▶ [Assigned task]
Repeat the span of the entries below that starts at the line with "Our largest industrial" and ends at the line with "ZingZaak Kawaii Cat", nothing more. Skip the pictures.

▶ [Extracted information]
>>>>

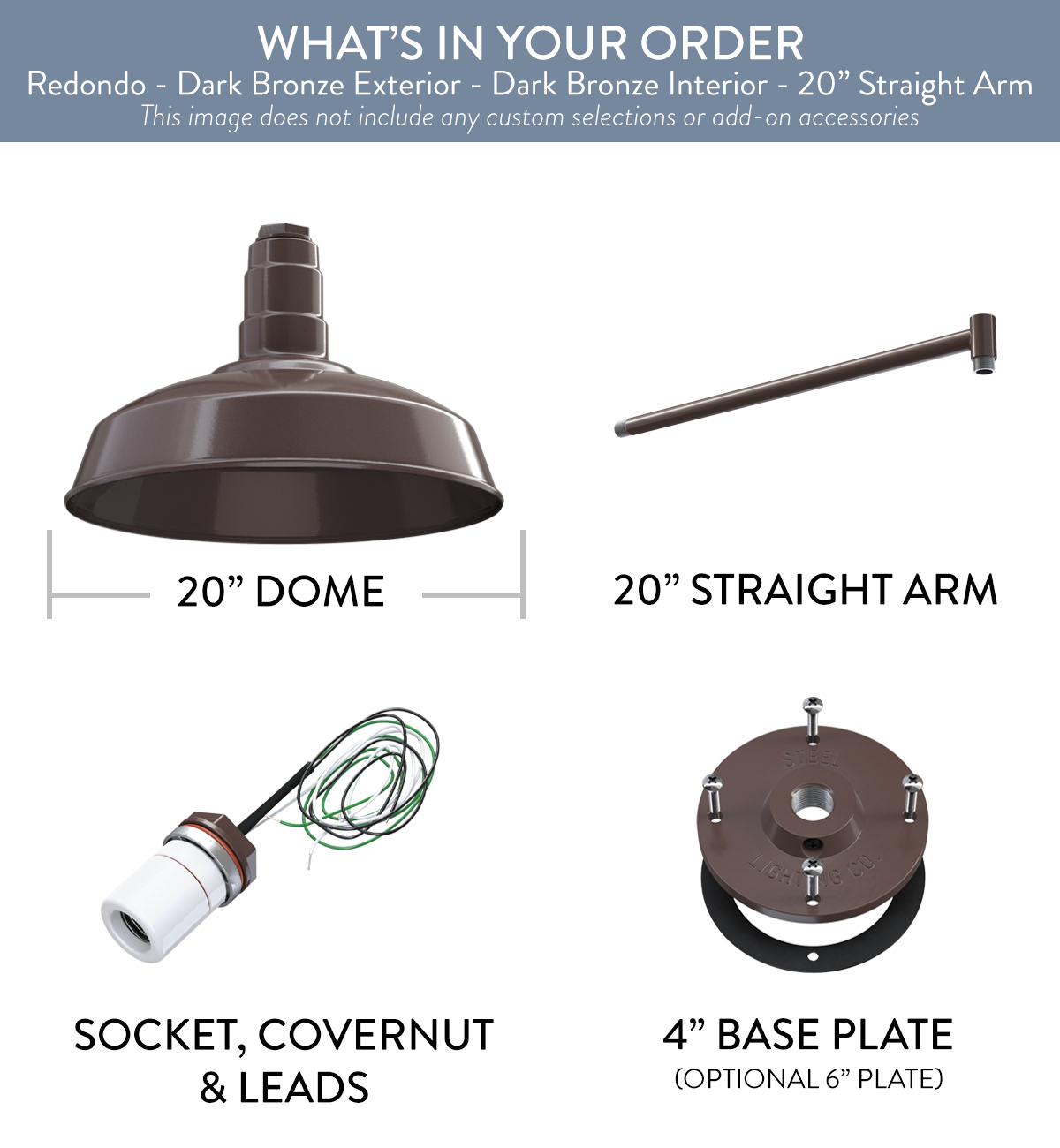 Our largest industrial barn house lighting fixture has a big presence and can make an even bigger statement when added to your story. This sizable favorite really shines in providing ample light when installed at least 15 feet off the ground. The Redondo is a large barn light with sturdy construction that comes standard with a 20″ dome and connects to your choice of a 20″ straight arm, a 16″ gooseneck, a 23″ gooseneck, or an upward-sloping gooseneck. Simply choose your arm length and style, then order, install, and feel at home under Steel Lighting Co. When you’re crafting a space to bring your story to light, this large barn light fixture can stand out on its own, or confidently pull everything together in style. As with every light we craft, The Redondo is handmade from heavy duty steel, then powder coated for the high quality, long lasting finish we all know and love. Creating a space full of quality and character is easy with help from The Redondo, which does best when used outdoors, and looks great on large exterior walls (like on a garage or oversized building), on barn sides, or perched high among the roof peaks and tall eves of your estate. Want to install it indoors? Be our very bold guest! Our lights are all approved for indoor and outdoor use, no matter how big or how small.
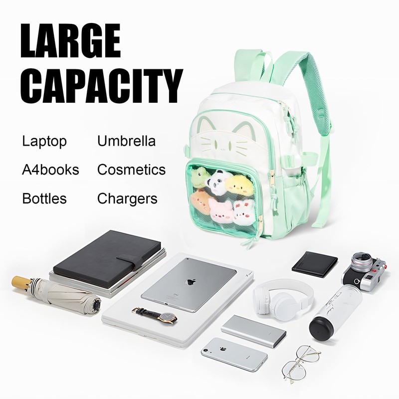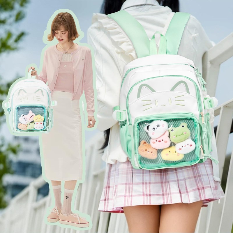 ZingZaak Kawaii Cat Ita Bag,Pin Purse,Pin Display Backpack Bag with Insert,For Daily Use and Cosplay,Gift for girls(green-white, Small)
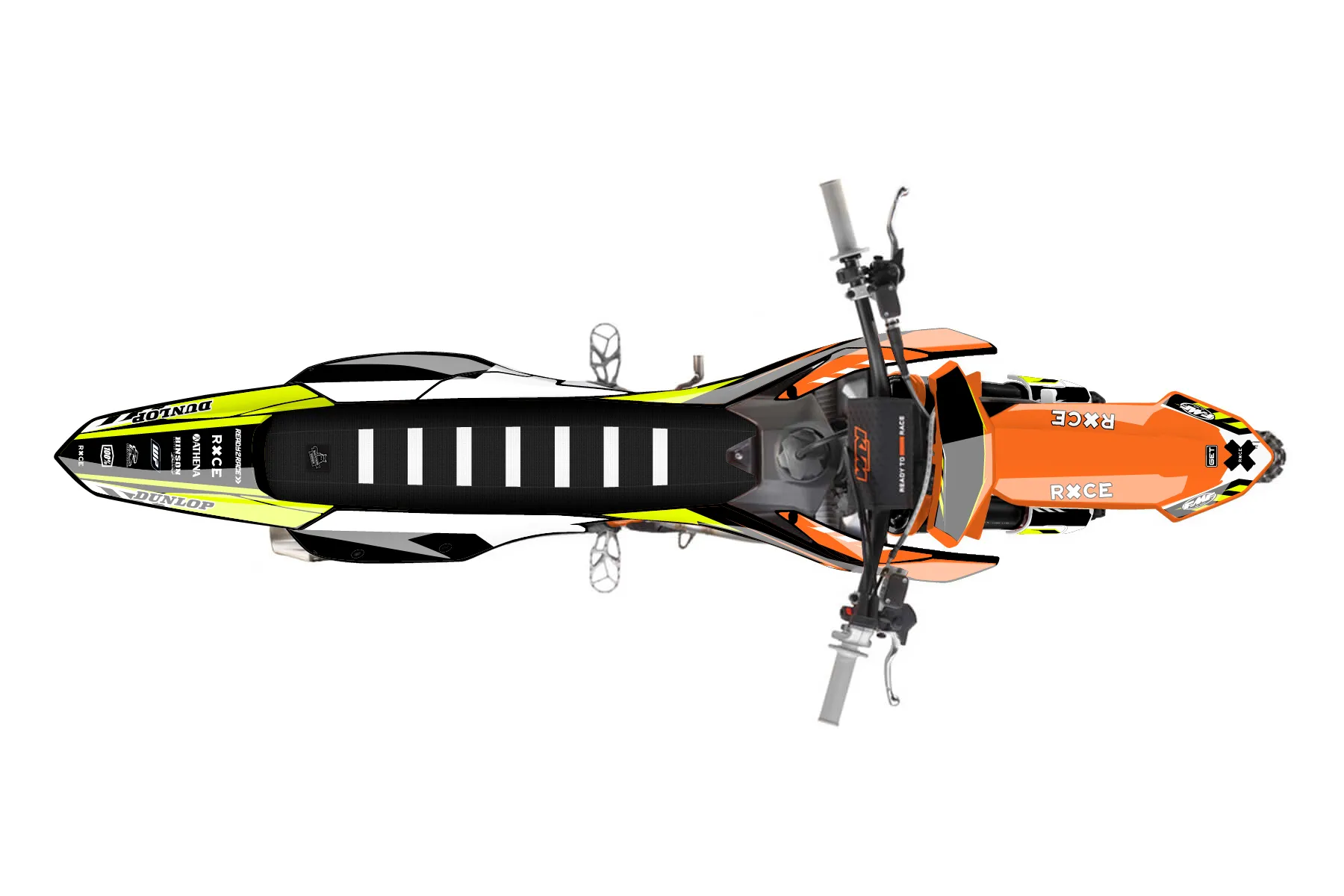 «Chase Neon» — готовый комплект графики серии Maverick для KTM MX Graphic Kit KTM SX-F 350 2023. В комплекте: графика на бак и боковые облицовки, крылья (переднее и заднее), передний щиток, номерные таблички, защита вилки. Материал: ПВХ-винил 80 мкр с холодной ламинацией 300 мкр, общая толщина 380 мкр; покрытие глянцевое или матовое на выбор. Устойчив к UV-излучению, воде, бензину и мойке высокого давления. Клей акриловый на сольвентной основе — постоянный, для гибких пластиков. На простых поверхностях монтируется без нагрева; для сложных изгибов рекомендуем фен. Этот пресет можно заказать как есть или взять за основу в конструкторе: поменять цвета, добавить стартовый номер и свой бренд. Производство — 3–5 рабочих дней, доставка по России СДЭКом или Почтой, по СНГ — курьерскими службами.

<<<<
>>>>

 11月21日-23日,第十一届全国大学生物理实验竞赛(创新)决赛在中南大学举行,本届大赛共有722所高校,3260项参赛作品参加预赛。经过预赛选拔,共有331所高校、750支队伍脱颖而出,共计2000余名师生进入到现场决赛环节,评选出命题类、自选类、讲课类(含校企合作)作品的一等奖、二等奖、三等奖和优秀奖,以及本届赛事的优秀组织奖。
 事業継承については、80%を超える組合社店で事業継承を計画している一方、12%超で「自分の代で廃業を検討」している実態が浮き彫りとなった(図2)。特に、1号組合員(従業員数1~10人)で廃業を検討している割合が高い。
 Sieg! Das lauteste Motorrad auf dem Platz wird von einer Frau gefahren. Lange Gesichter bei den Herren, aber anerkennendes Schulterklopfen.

<<<<
>>>>

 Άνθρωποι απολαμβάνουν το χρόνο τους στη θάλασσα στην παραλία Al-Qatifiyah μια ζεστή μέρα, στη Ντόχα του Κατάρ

<<<<

▶ [Answer box]
 Our largest industrial barn house lighting fixture has a big presence and can make an even bigger statement when added to your story. This sizable favorite really shines in providing ample light when installed at least 15 feet off the ground. The Redondo is a large barn light with sturdy construction that comes standard with a 20″ dome and connects to your choice of a 20″ straight arm, a 16″ gooseneck, a 23″ gooseneck, or an upward-sloping gooseneck. Simply choose your arm length and style, then order, install, and feel at home under Steel Lighting Co. When you’re crafting a space to bring your story to light, this large barn light fixture can stand out on its own, or confidently pull everything together in style. As with every light we craft, The Redondo is handmade from heavy duty steel, then powder coated for the high quality, long lasting finish we all know and love. Creating a space full of quality and character is easy with help from The Redondo, which does best when used outdoors, and looks great on large exterior walls (like on a garage or oversized building), on barn sides, or perched high among the roof peaks and tall eves of your estate. Want to install it indoors? Be our very bold guest! Our lights are all approved for indoor and outdoor use, no matter how big or how small.
 ZingZaak Kawaii Cat Ita Bag,Pin Purse,Pin Display Backpack Bag with Insert,For Daily Use and Cosplay,Gift for girls(green-white, Small)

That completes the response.